I’d gotten into such a routine with visiting him that I screwed up. I let my guard down. I’d walked into Mason’s room one night, coffee in one hand, cane in the other and a newspaper under one arm, only to find a middle-aged African American woman sitting next to his bed, holding his hand in her own.
“Hello there,” she said, smiling gently and looking up at me sleepily as I came through the doorway. I’d woken her up. As quiet as her voice was, it froze me in my tracks.
“Um, hi…?” I stammered.
She smiled and stood slowly, reaching her hand out to me. I set my things down on the bedside table and shook her hand almost automatically.
“I’m Tira. Tira Graham,” she said, her voice soft and warm.
“Lee,” I stammered, totally unprepared, too shocked to even make up a name. “I’m sorry, I didn’t mean to disturb you…” I said, starting to back up, ready to beat a hasty retreat.

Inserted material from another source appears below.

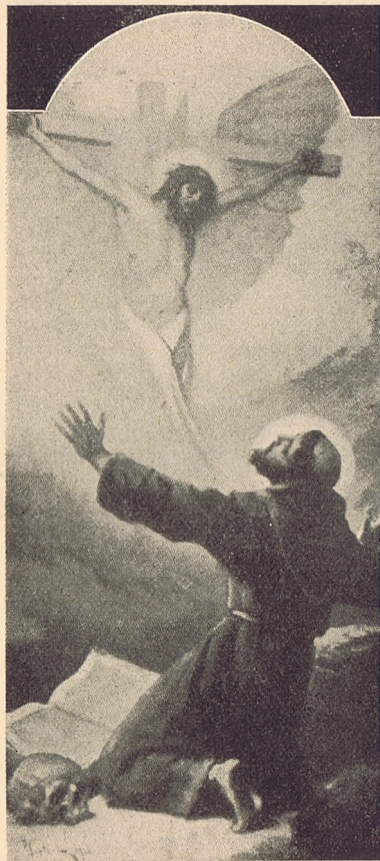
Éder Gyula: Szent Ferenc stigmaticiója.

Az Egyházművészeti Kiállítás pályázatot hirdetett sokszorosításra alkalmas plakát tervére is. Tizenheten vettek részt a pályá-

“Please don’t go,” she said, her warm eyes searching my face. “Is he a friend of yours?” she asked, gesturing toward Mason. Her eyes captured my attention. They were a startling blue in her honey brown face. Lighter than Mason’s, but striking, nonetheless.
“Not… exactly,” I hedged, totally unprepared for the woman’s questions. I berated myself for becoming complacent and not noticing her presence before I entered. I should have known someone would come sniffing around asking questions sooner or later.